What is required:
From the line that includes "借助這一全新功能,用戶(hù" to the last line of the records that follow, copy every line exactly and nothing more, omitting pictures.

Data records:
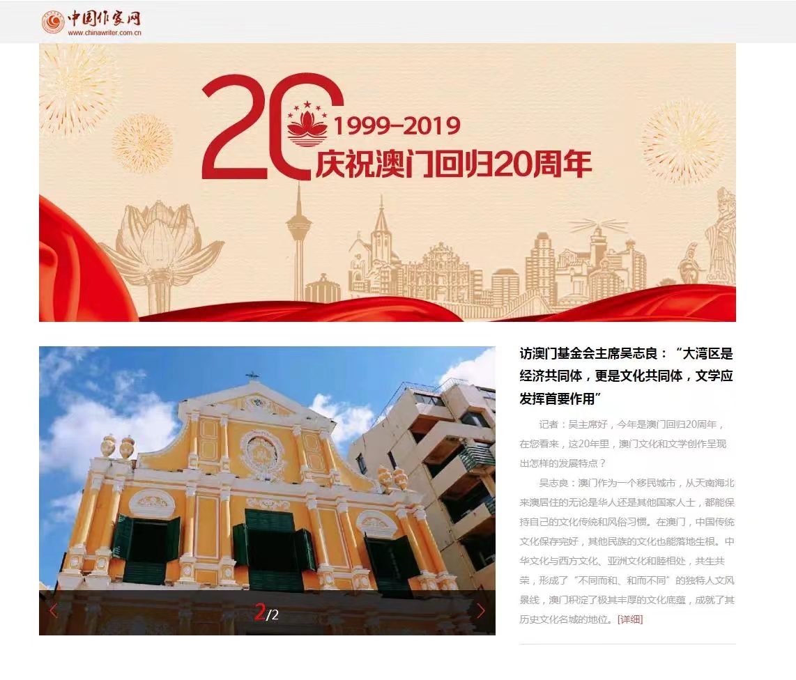 2019年,為紀念澳門回歸20周年,中國作家網開設“慶祝澳門回歸20周年”專題,以綜述、評論、訪談、創作談、作品等欄目,全方位展示澳門歷史文化以及當代文學創作圖景。這是一次對澳門文學的系統梳理。
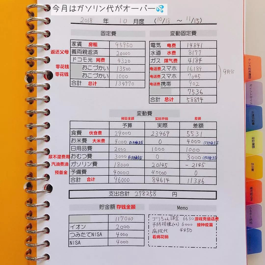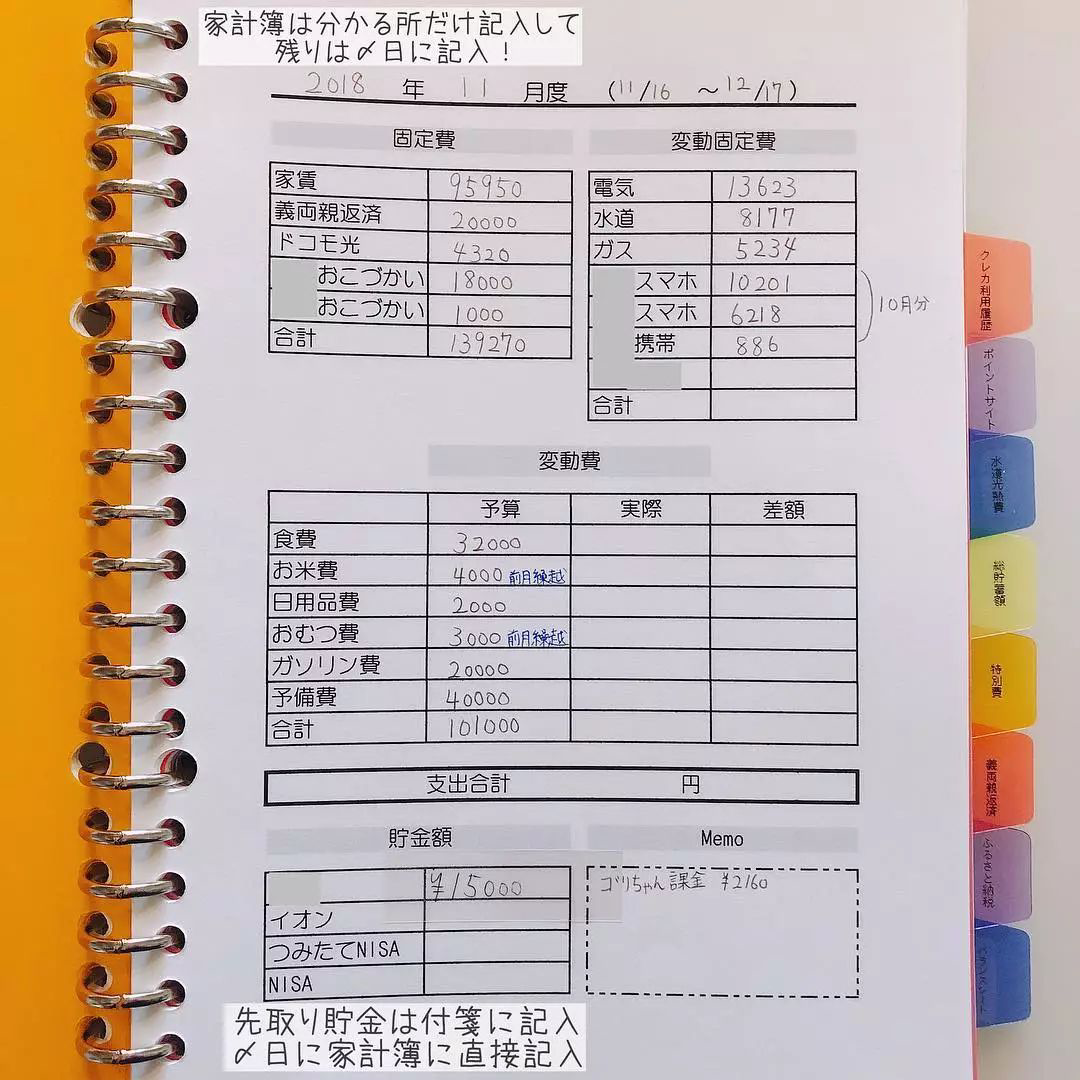 Chồng Nonoko có thu nhập hàng tháng tầm 500.000 yên (khoảng 105 triệu đồng). Vào ngày anh lĩnh lương hàng tháng, cô sẽ phân loại và lập kế hoạch cho từng khoản tiền, sau đó nhập chúng vào các sổ tài khoản khác nhau.
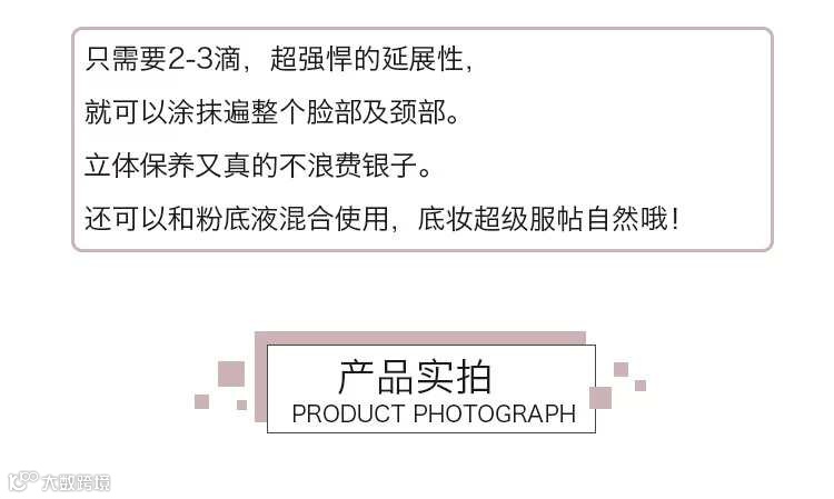 【1】任何化妆品都无法排除过敏现象,首次使用前需做过敏测试,取产品绿豆大小抹于耳背或手腕处,停留15-30分钟,擦干净24小时后无红肿现象方可使用。
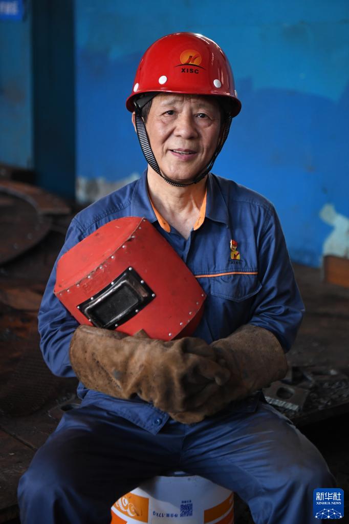 在湖南華菱湘潭鋼鐵有限公司廠房內(nèi)拍攝的艾愛國(6月12日攝)。新華社記者 薛宇舸 攝
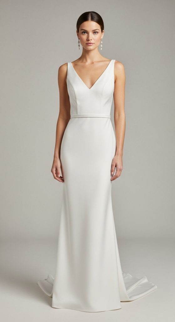 A minimalist sheath dress is perfect for a courthouse wedding, offering elegance without excess fabric or embellishments.
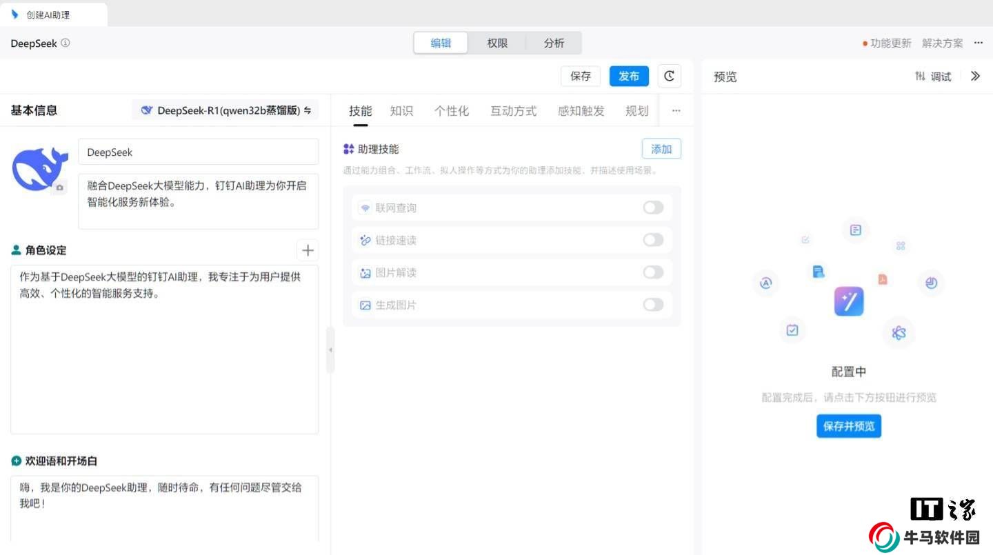 借助這一全新功能,用戶(hù)不僅能享受到DeepSeek系列模型帶來(lái)的深度思考和聯(lián)網(wǎng)查詢(xún)能力,還能通過(guò)釘釘?shù)痛a平臺(tái)宜搭,輕松生成Prompt并調(diào)用DeepSeek的各項(xiàng)功能。這一整合使得AI助理的應(yīng)用場(chǎng)景更加廣泛,無(wú)論是數(shù)據(jù)分析還是文本生成,都能得心應(yīng)手。
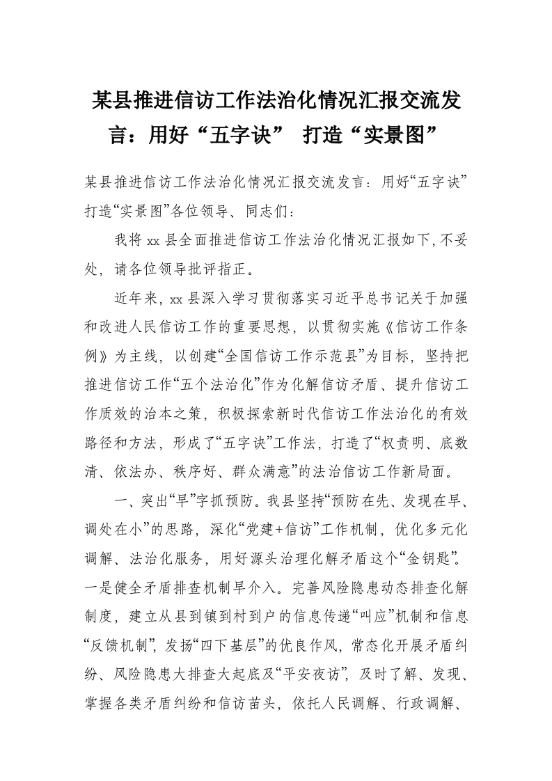 某县推进信访工作法治化情况汇报交流发言:用好“五字诀” 打造“实景图”
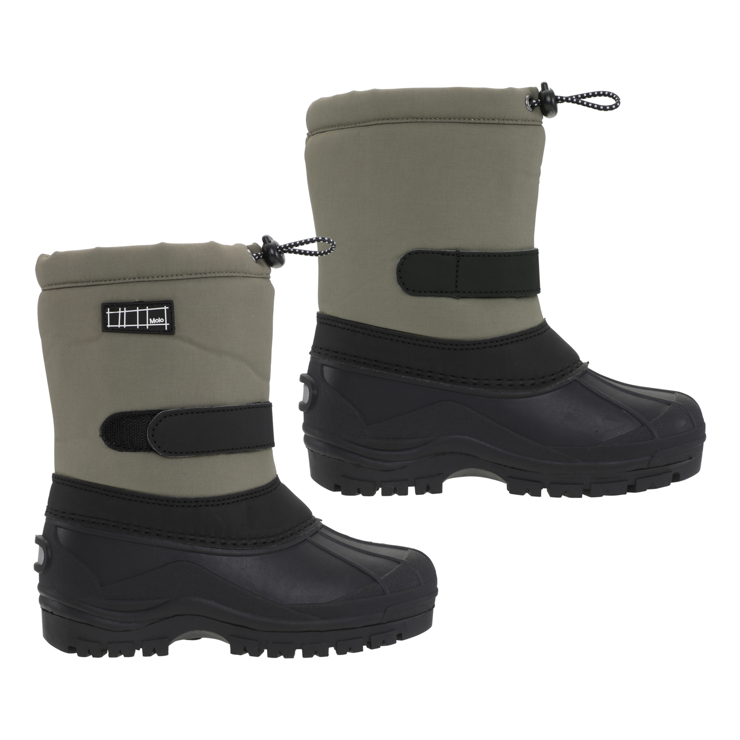 Praktischer grüner Winterstiefel mit Klettverschluss und dicker schwarzer Sohle. Die Stiefel haben eine gute Höhe und sind für jedes Wetter geeignet. Darüber hinaus passen die Stiefel in Farben und Drucken zur Oberbekleidung von Molo.
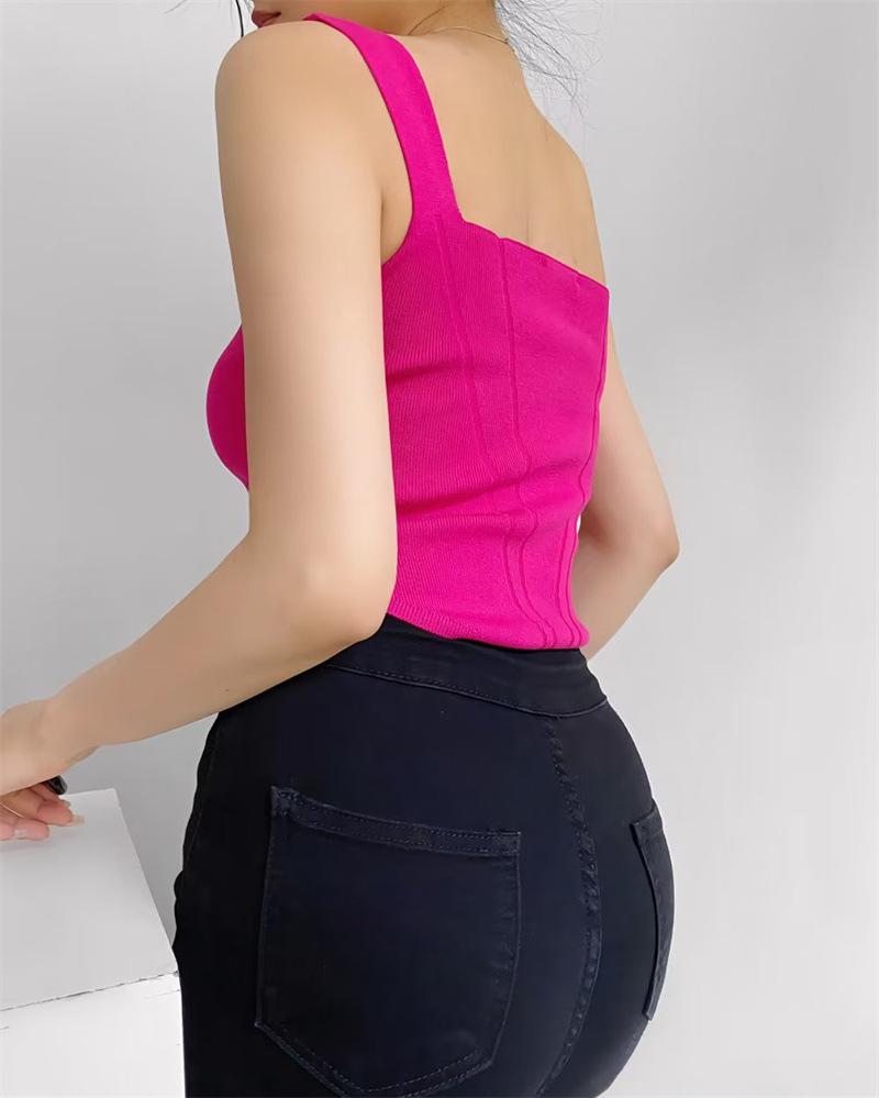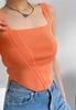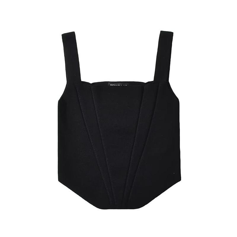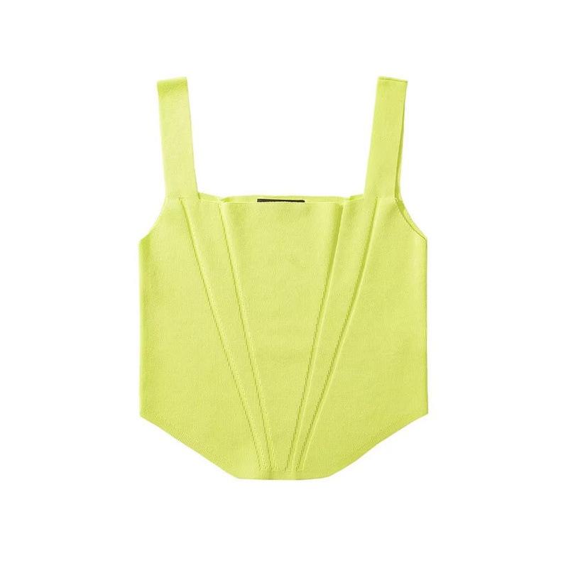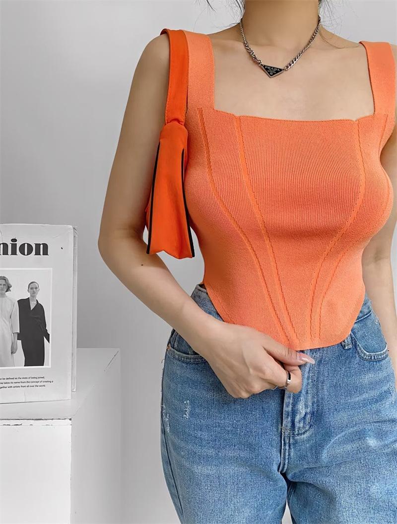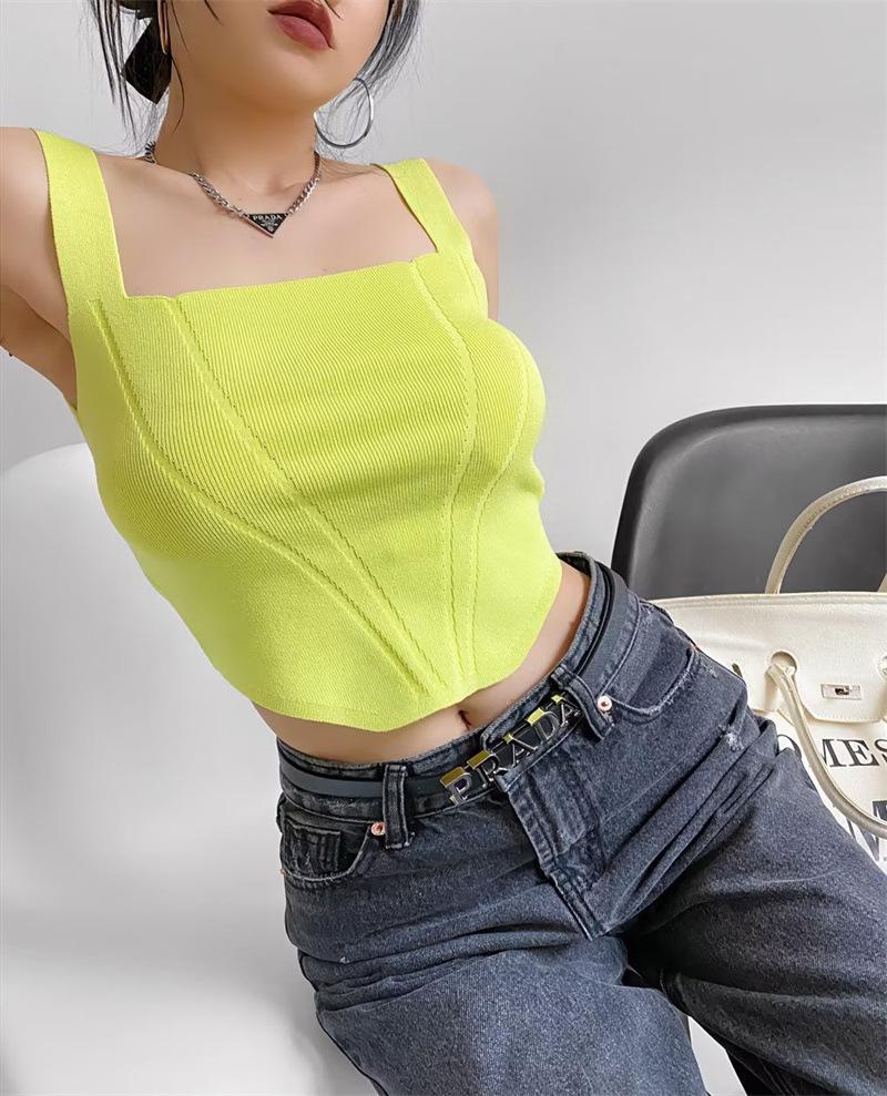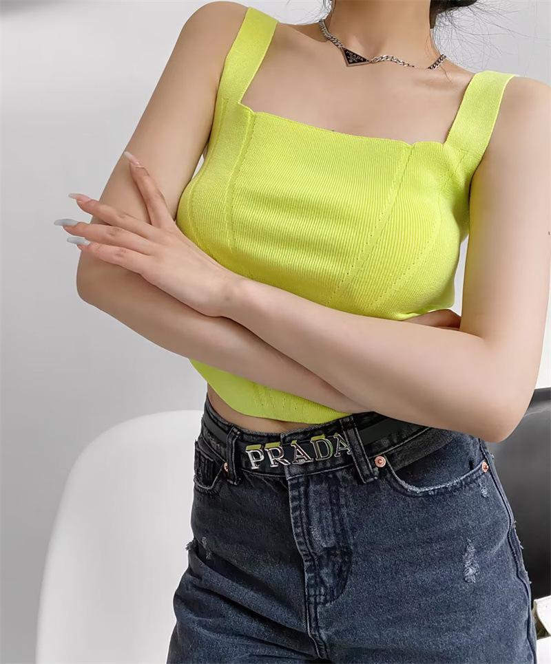 Chaleco de cuello cuadrado estilo dulce y picante de color puro nuevo de verano 2023, top ajustado sexy, tirantes pequeños y curvos para mujer
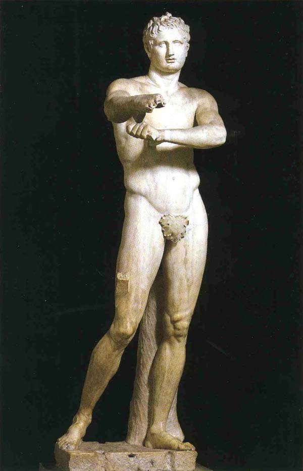 기원전 4세기에 활동했던 그리스 청동 조각가 루시포스의 작품을 서기 1세기 로마 제국 당시 대리석으로 모각한 작품이다. 경기를 마친 한 선수가 몸을 씻고 있는 모습을 조각했다. 흔히 미술사에서 팔등신 비례를 처음 조각에 적용한 조각가로 알려진 루시포스의 이 작품은 이상화된 행동이나 영웅을 묘사한 것이 아니라 일상적인 움직임을 사실적으로 묘사한 뛰어난 작품이다. 인체의 정확한 비례, 피곤이 묻어나는 표정, 힘을 준 왼쪽 다리와 한 발 뒤로 물러선 오른쪽 다리의 움직임과 균형 등 인체에 대한 해부학적 지식에 기초한 자연주의적 경향을 읽을 수 있다.

Written reply:
 借助這一全新功能,用戶(hù)不僅能享受到DeepSeek系列模型帶來(lái)的深度思考和聯(lián)網(wǎng)查詢(xún)能力,還能通過(guò)釘釘?shù)痛a平臺(tái)宜搭,輕松生成Prompt并調(diào)用DeepSeek的各項(xiàng)功能。這一整合使得AI助理的應(yīng)用場(chǎng)景更加廣泛,無(wú)論是數(shù)據(jù)分析還是文本生成,都能得心應(yīng)手。
 某县推进信访工作法治化情况汇报交流发言:用好“五字诀” 打造“实景图”
 Praktischer grüner Winterstiefel mit Klettverschluss und dicker schwarzer Sohle. Die Stiefel haben eine gute Höhe und sind für jedes Wetter geeignet. Darüber hinaus passen die Stiefel in Farben und Drucken zur Oberbekleidung von Molo.
 Chaleco de cuello cuadrado estilo dulce y picante de color puro nuevo de verano 2023, top ajustado sexy, tirantes pequeños y curvos para mujer
 기원전 4세기에 활동했던 그리스 청동 조각가 루시포스의 작품을 서기 1세기 로마 제국 당시 대리석으로 모각한 작품이다. 경기를 마친 한 선수가 몸을 씻고 있는 모습을 조각했다. 흔히 미술사에서 팔등신 비례를 처음 조각에 적용한 조각가로 알려진 루시포스의 이 작품은 이상화된 행동이나 영웅을 묘사한 것이 아니라 일상적인 움직임을 사실적으로 묘사한 뛰어난 작품이다. 인체의 정확한 비례, 피곤이 묻어나는 표정, 힘을 준 왼쪽 다리와 한 발 뒤로 물러선 오른쪽 다리의 움직임과 균형 등 인체에 대한 해부학적 지식에 기초한 자연주의적 경향을 읽을 수 있다.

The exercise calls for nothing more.